7. Various Medical Conditions

When dogs suffer from certain medical problems, their noses can become dry. This can happen due to fever, dehydration, hyperkeratosis of the nose, or less commonly, autoimmune and endocrine diseases.

To measure your dog’s temperature to make sure they do not have a fever, you must use a thermometer, but only if your dog will tolerate it and you feel comfortable doing it. Putting your hand on the dog’s nose or ears is not a correct method.

The thermometer will be gently inserted into your dog’s rectum. For this operation, you should use a baby thermometer because it has a flexible tip.

Here is what you should do:
  • First, you need to lubricate the tip of the thermometer (with a bit of water or a lubricant) to ensure that you don’t cause any lesions to your dog’s anus.
  • Grab your dog’s tail with one hand and hold it up, and with the other hand, insert the thermometer into the anus.
  • Press the button to turn on the thermometer.
  • Hold it in place for a few seconds. The thermometer will make a sound when it has finished measuring the temperature.

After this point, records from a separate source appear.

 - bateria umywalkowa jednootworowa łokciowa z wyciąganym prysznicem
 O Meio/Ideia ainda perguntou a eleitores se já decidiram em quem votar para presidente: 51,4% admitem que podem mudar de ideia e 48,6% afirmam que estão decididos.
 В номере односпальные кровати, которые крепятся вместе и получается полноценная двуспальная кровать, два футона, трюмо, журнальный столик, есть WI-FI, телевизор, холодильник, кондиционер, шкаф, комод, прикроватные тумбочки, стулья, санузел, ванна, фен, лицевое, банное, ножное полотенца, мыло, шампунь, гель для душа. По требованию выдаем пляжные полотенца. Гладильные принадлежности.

If your dog’s temperature is higher than 102.2°F (39°C), it means they have a fever, and you should contact your veterinarian.

Do not measure your dog’s temperature immediately after they have been walking, playing, or doing any physical effort. Measure it at least 15 minutes after any activity to ensure that it is accurate.

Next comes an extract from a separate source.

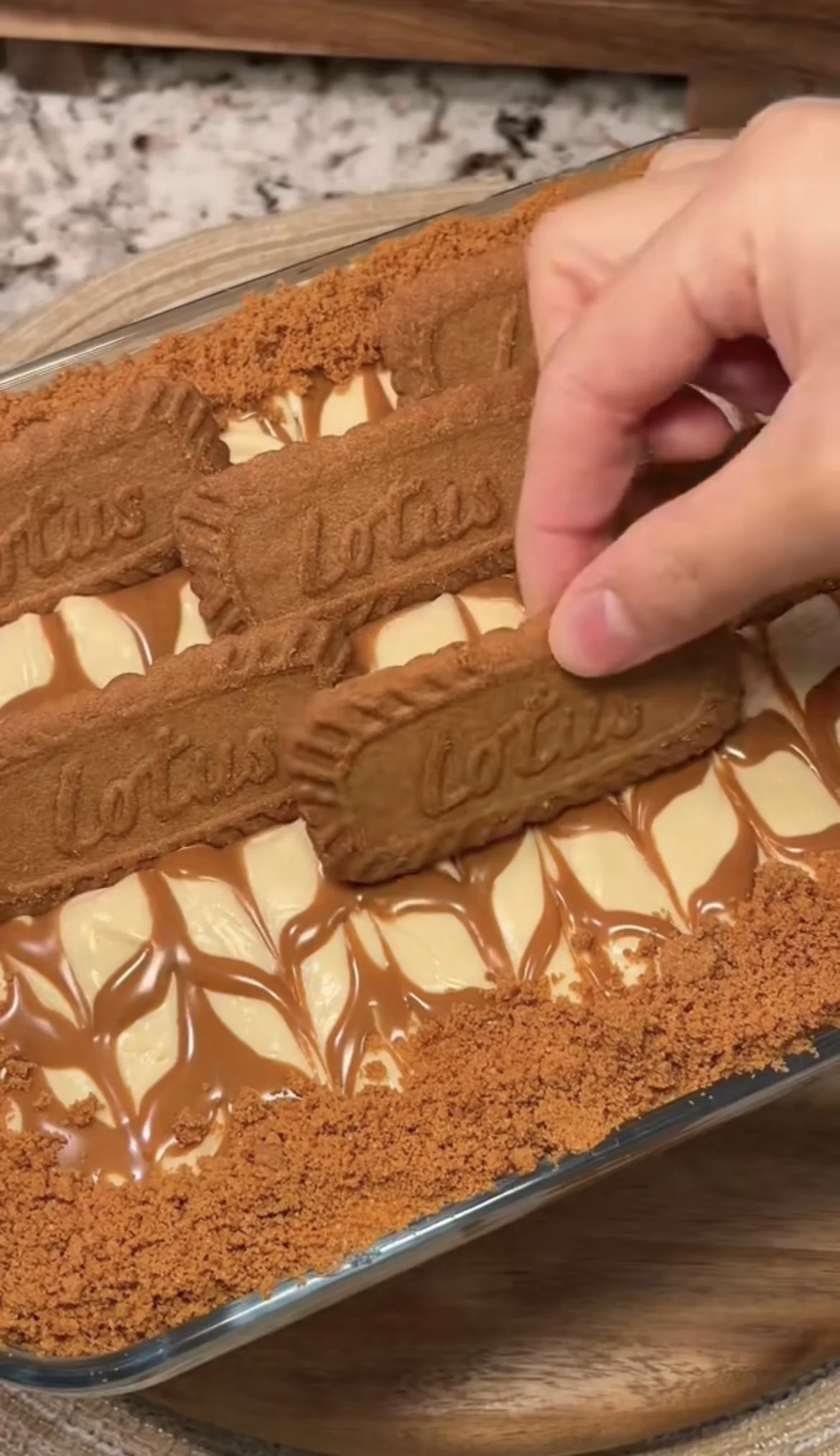 Decorate with vanilla wafers, Biscoff cookies, and crushed Biscoff cookies Ono stop if desired.

8. Some Dogs Have Dry Noses

Some dogs will just have dry noses. This can be individual, although some brachycephalic breeds may also have more of a dry or even crusty looking noses. This can be due to their increased respiratory efforts, which may dry the nose due to excessive and more forced airflow with frequent panting, or because they cannot reach their nose in order to lick it.

Crusty, dry noses can also be a consequence of hyperkeratosis. This is a common condition, particularly in older dogs, due to excessive production of keratin, which affects the nose and paw pads alike, causing them to appear dry and cracked. If your dog’s nose is suddenly dry, it’s worth getting it checked by the vet, particularly if there are any skin lesions, crusts, scabs, lumps, or other changes on it indicating an underlying health issue.

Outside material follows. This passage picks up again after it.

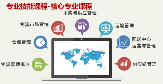 具有物流管理概论、仓储管理、运输管理、采购与供应管理、供应链管理、配送中心运营管理、国际货代、物流市场营销等专业核心课程,以及管理学、物流设施设备认知、物流信息系统操作、储配方案设计、商品包装实务、快递操作实务、国际货代、物流经济学、物流企业法规、中国商贸文化、商务礼仪、电子商务概论、冷链物流等一般专业课程。

Is a Dry Nose a Cause for Concern?

If your dog plays, eats, is active, and defecates and urinates regularly and without difficulty but has an occasionally dry nose, there is usually no need to worry.

A dry and/or warm nose can be cause for concern if your dog also shows other clinical signs, such as:

  • Apathy
  • Weakness
  • Lack of appetite
  • Changes in drinking
  • Sleeping more than usual
  • Not urinating or defecating normally, or having diarrhea
  • Vomiting
  • Nasal and/or eye discharge
  • Coughing
  • Sneezing

All these clinical signs indicate that your dog has an underlying health issue. As a result, you must take them to the vet for a correct diagnosis and appropriate treatment.

Sad tired beagle dog on sofa. Sick dog.
Image By: ALEX_UGALEK, Shutterstock

What to Do When Your Dog Has a Dry Nose

Here's what you can do if your dog shows no other clinical signs besides a dry nose:
  • Encourage them to stay hydrated during the summer. Make sure they always have fresh water available, and don’t forget to take water with you when you go for a walk.
  • Use pet-safe sunscreen on your dog.
  • Use moisturizing creams (neutral Vaseline or any ointment that does not represent a danger if accidentally ingested by your dog) during the winter to protect their nose and paw pads.
  • Speak to your vet if you have any concerns about your dog’s nose or their general health.



In most cases, a dog simply having a dry nose does not mean they’re sick. That said, if your dog shows other clinical signs, such as a fever, vomiting, diarrhea, or lack of appetite, all which can lead to dehydration, take them to the vet as soon as possible.

In healthy dogs, a dry nose can occur for several reasons: It is windy and dry, too cold or too hot outside, or they’ve just been asleep. Also, the environment in which your dog lives can favor the occurrence of a dry nose. To make sure your dog’s nose stays moist, use pet-safe moisturizing creams in the winter and sunscreen in the summer. Also, don’t forget to encourage your beloved pet to drink more water when it is hot outside, and always avoid them exercising in such weather.